You can't go wrong with the Scarlett 2i2.


----------



## creativeforge

synkrotron said:


> Here a picture of my mobile setup which comprises the Surface Pro, the QUAD-CAPTURE, which is connected to the Surface Pro with a USB cable, and an Arturia Keystep, which is connected to the QUAD-CAPTURE with a 5 pin DIN MIDI cable. The Arturia keyboard is powered by a USB charger battery.



Thanks Andy, I've been out of the loop for a while and last time we had 5 pins for MIDI. With the Saffire, it's firewire. But I always plugged the keyboard in the soundcard (5 pins). So this made my mind pause for a few minutes trying to visualize what it would be like. I used a Yamaha P-115 and also a M-Audio Code 49.

My laptop has 2 USB ports, one used for a wireless mouse. So I should be good. I'm trying to envision the signal trajectory from the USB keyboard, to the DAW and the audio interface from the DAW both using a USB port.

I'll consider a more costly card, although I haven't discarded most of the rest under $200, except the Steinberg UR series which has many customer reviews that talk of drops in the sound, or in the actual function of it, specifically after Windows 10 updates. Not the UR-C, but previous models.

Thanks!


----------



## creativeforge

Living Fossil said:


> You can't go wrong with the Scarlett 2i2.



Thanks for the recommendation. How do you find the mic pres on this one? I know I said I'd use it "only for live gigs" but who knows...


----------



## Living Fossil

creativeforge said:


> Thanks for the recommendation. How do you find the mic pres on this one? I know I said I'd use it "only for live gigs" but who knows...



In relation to the price you pay they are excellent. 
Clean & neutral (which i'd always prefer over any suboptimal coloration).
They have a kind of a "sweet spot" which is worth to be explored.
(Compensating some dB-s of gain in the DAW instead of forcing the interface's gain knob too much will deliver much better results, in my experience [usually i'm recording with Neumanns or/and AKG mics])

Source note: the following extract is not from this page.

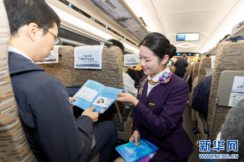 10月30日,上海客运段列车员在车厢内为旅客派发进博宣传册,介绍进博会亮点。
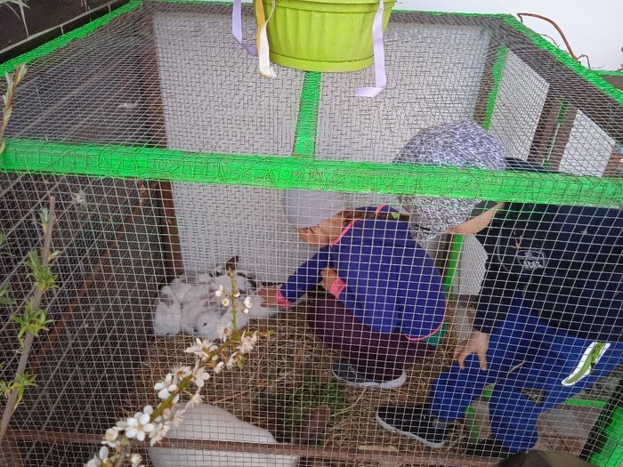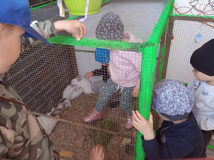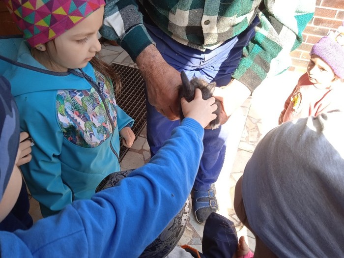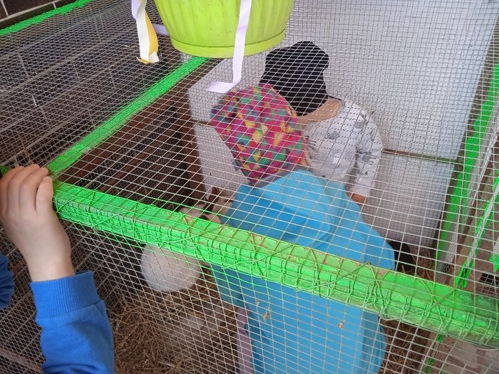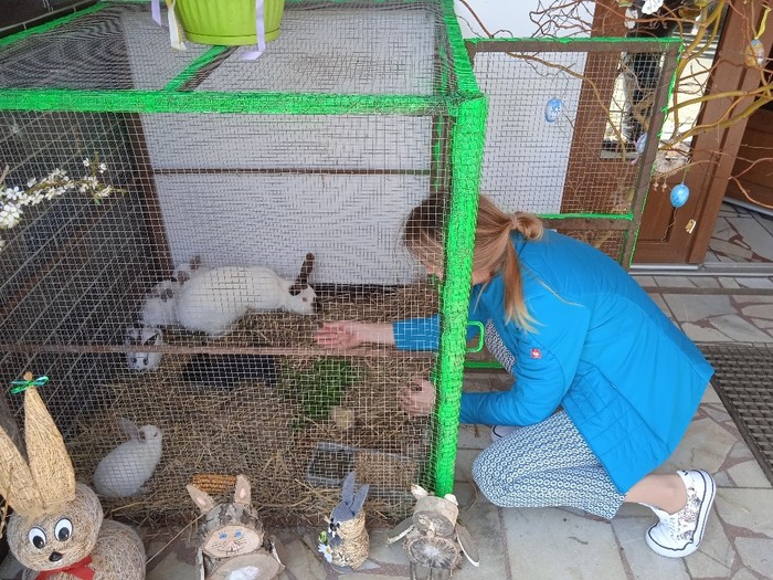 Na zelený čtvrtek jsme se vypravili k manželům Polišenským, kteří nás pozvali na králíčky. Pan Polišenský umístil na své schodiště klec, ve které měl samici i s mladými. Děti byly nadšené a hned si k nim vlezly dovnitř. Moc děkujeme za příjemné zpestření Velikonoc.

It's really solid quality in my opinion.


----------



## DerGeist

LowweeK said:


> I have a 2i2 first gen and it works perfectly.

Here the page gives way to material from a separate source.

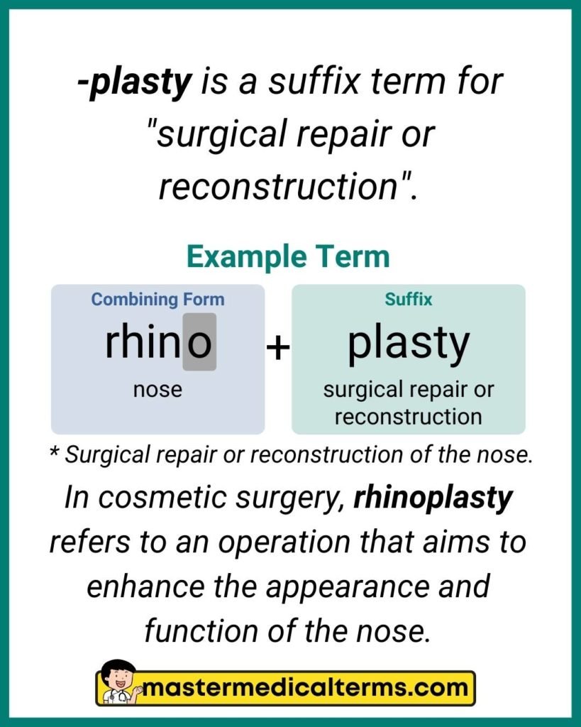 In medical terminology, “plasty” is a suffix that denotes a surgical procedure for reshaping, reconstructing, or repairing a body part.
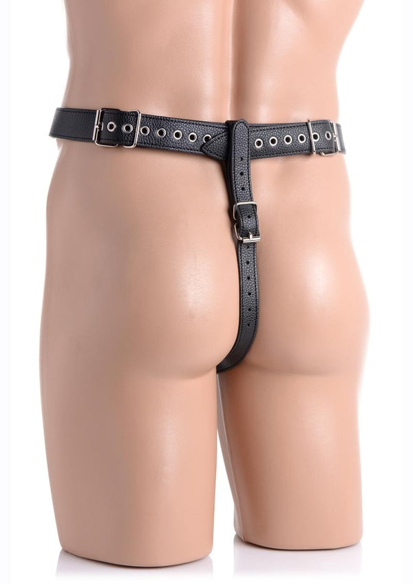 - A Chastity Harness For Leather Lovers: Restrain your submissives sexuality with this intense chastity harness; Designed to restrain your lovers package until they earn their freedom

18i8 here and also rock solid.


----------



## brynolf

Yep, those Scarletts are top sellers for a reason.


----------



## ed buller

Scarlett

e


----------



## Pier

I'm happy with my Audient iD4. At 64 buffer I get about 5-6ms of input+output latency. Drivers have been stable for me on Windows 10.


----------



## Solarsentinel

Not the same budget but there is the RME Babyface pro. And, it just works... and really well.


----------



## synkrotron

FWIW, I mentioned the Babyface Pro in post #7

But I don't own one so could not really offer an opinion.

@Solarsentinel and @hbjdk , do you own a Babyface Pro?


----------



## Maximvs

I have recently purchased a Focusrite Clarett 4 Pre USB and I am extremely happy with it, I used to have drivers issue with an old M-Audio fire wire sound card and also with a couple of USB 2 soundcards but Focusrite is rock solid and the software that comes with the interface is a joy to work with... I am considering getting A Scarlett Solo 3rd generation for my laptop due to the quality and size...

Cheers,

Max T.


----------



## bill5

creativeforge said:


> So far I've looked at the Scarlett 2i2, the Steinberg UR22C (although the UR22MKII dropped in price at Sweetwater) and I glanced at the Zoom offereings (U-24 and U-44).

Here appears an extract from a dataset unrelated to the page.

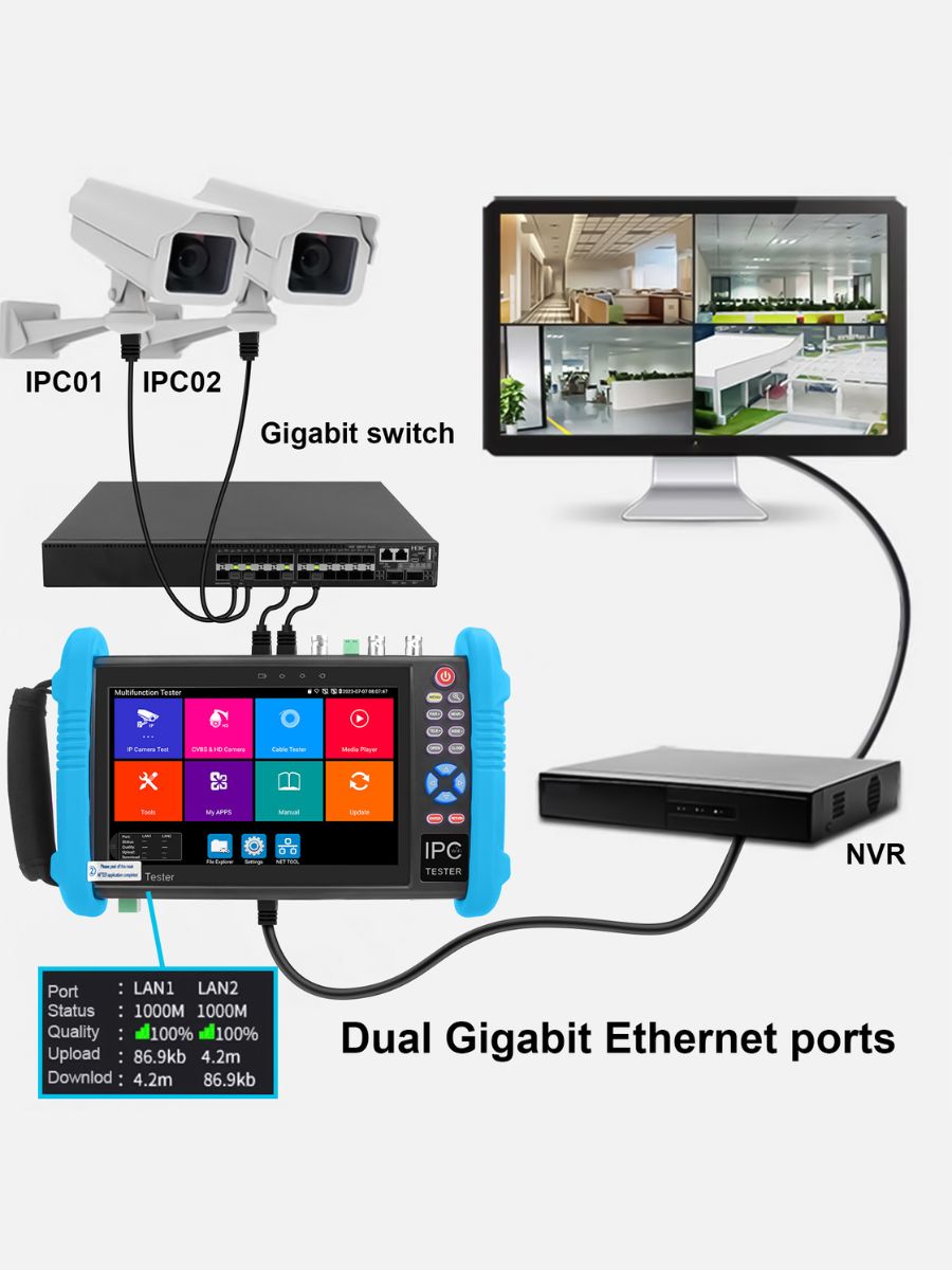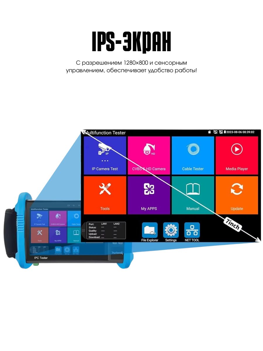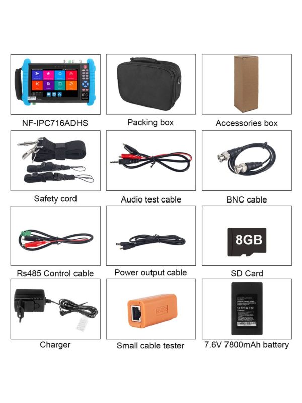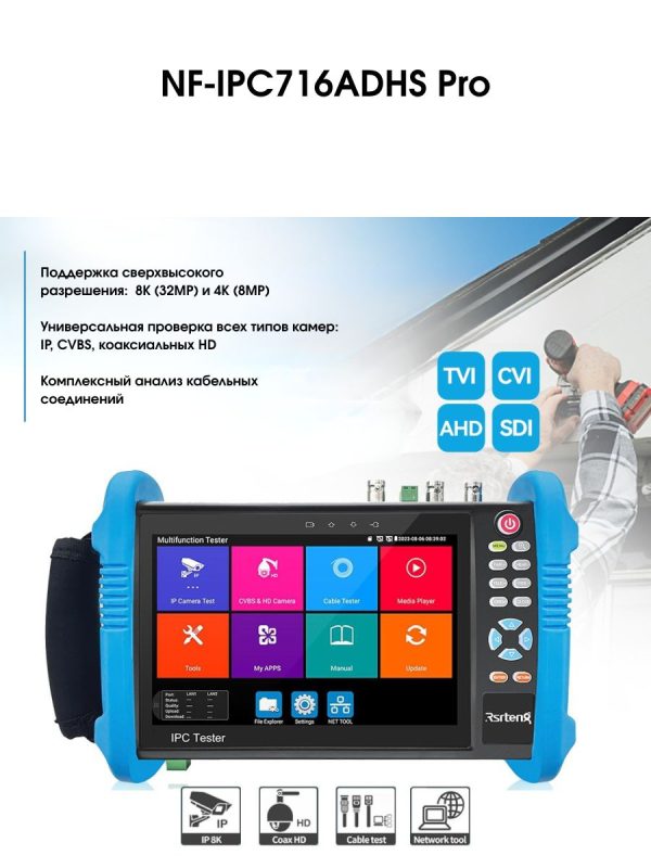 Универсальный тестер IP-камер видеонаблюдения Noyafa NF-IPC716ADHS PRO — необходимый инструмент для специалистов по CCTV или сетевой инфраструктуре. С ним каждый монтажник или техник сможет уверенно выполнять задачи по установке и обслуживанию видеонаблюдения, обеспечивая надёжную работу системы. Преимущества прибора:

You would be in fine shape with any of those. Behringer 204 as well.


----------



## Loïc D

MOTU has just released 2 new budget interfaces M2 & M4 (2i/2o and 4i/4i), with midi, lcd display, class-compliant USB and Sabre DAC.

(I still have a good old 828mkII that’s rock solid - on Mac)


----------



## Pier

LowweeK said:


> MOTU has just released 2 new budget interfaces M2 & M4 (2i/2o and 4i/4i), with midi, lcd display, class-compliant USB and Sabre DAC.



Wow those interfaces look great and the price is very competitive.



LowweeK said:


> I still have a good old 828mkII that’s rock solid - on Mac



I had the 828mkII ages ago. It was rock solid but the DA converters were not great... A couple of years later I switched to an RME and it was like my ears had been cleaned.


----------



## PaulieDC

I've owned a ton. The FocusRite Scarlett and PreSonus AudioBox iTwo and Steinberg UR12 I've used all sound and work great and have good mic pre's. Pick your favorite color, lol. The PreSonus iOne or iTwo connects the easiest to an iPad if that's a need. BTW, the iOne has a single XLR but it's still a two channel AI for mixing and composing. I'm about to post a request for people to vote over at PreSonus on a request I put in for a new product, a compact AI with no mic pre's. I just want a small mobile sound card and don't want to spend $649 on the Apogee Duet!


----------



## Pier

PaulieDC said:


> I'm about to post a request for people to vote over at PreSonus on a request I put in for a new product, a compact AI with no mic pre's.



I still have an old Echo Audiofire 2 collecting dust which is exactly that. Awesome 2+2 channels of ADDA and nothing else. Unfortunately 1) it runs on Firewire and 2) Echo doesn't make drivers anymore for either Windows 10 or macOS.

IMO the best minimalistic interface these days with good audio quality without breaking the bank is the Audient iD4. I've heard past Audient Windows drivers were not great but so far I've had zero issues.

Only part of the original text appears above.